Flying in a small plane over an open country of meandering rivers with thousands of oxbows with your knees tucked up to your chest (at least that is how it felt) is one thing. Remembering tucked behind your seat is a safety pack, handed to you before boarding, that has a sleeping bag because, “in case you go down you need to be able to survive until another plane can find you,” is another. But when the landscape rises from a meandering river plateau to a mountain ridge that feels could be measured in tens rather than thousands of feet, well, the idea of adventure kicks in. If that was all one experienced—journey, risk, danger, and uncertainty, then it would have been an adventure. But it was not.

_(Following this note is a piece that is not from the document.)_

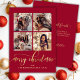 Elegant Gold Script 4 Photo Collage Red Christmas Holiday Card

Volunteering can be adventurous. In fact, after fifteen years of guiding volunteers, I’d say adventurous is not an uncommon way they describe their experiences. But the eyes of those folk, partners and volunteers, on returning to Yakima, spoke of something more than adventure. It is more because, though I had made some good arguments a few weeks prior, the core reason for each of them lay within themselves, not on a timeline. Faith matters more than it is often given credit for. Too often, we relegate deep faith off to an extremist rather than seeing that in our friends or ourselves. Yet it is faith, nurtured for decades, that becomes embodied and leads one to say yes to the bush, maybe even when health isn’t what it was thirty years ago. Embodied faith is the kicker. Embodied faith is why folk need to quit adventurous volunteering. Whether one is volunteering in the bush of Alaska, the backcountry of Honduras, or in the city in the next State, faith says it should not be an adventure.
Pilgrimage is an old term most of us consigned to yesterday. For some it is misguided fear, they pilgrimage to Mecca, but for many of us, we have simply forgotten our folk use to pilgrimage. Pilgrimage is the richer edge of adventure. It has the uncertainty, risk-taking, danger, and unknown of adventure, yet one more very important feature: spirituality-holiness-mysticism. Pilgrimage is a holistic journey.
Worktrips and Missiontrips away from home need to end and pilgrimage reclaimed. The mistake of worktrips and missiontrips are they suck the volunteer into a sense of fixing something that is broken. However, building a house in Mexico (really, pick your Latin American country), feeding the homeless in San Francisco (or pick your major city), or painting, roofing, or building a handicap ramp on the Yakama reservation (or pick your reserve) doesn’t fix a thing. Sure, it provides a bit of charity (And charity is sorely needed for without it people die…really, they do!), but it does nothing to promote justice and change root cause. Now pilgrimage doesn’t provide justice up front either, but the pilgrim knows that.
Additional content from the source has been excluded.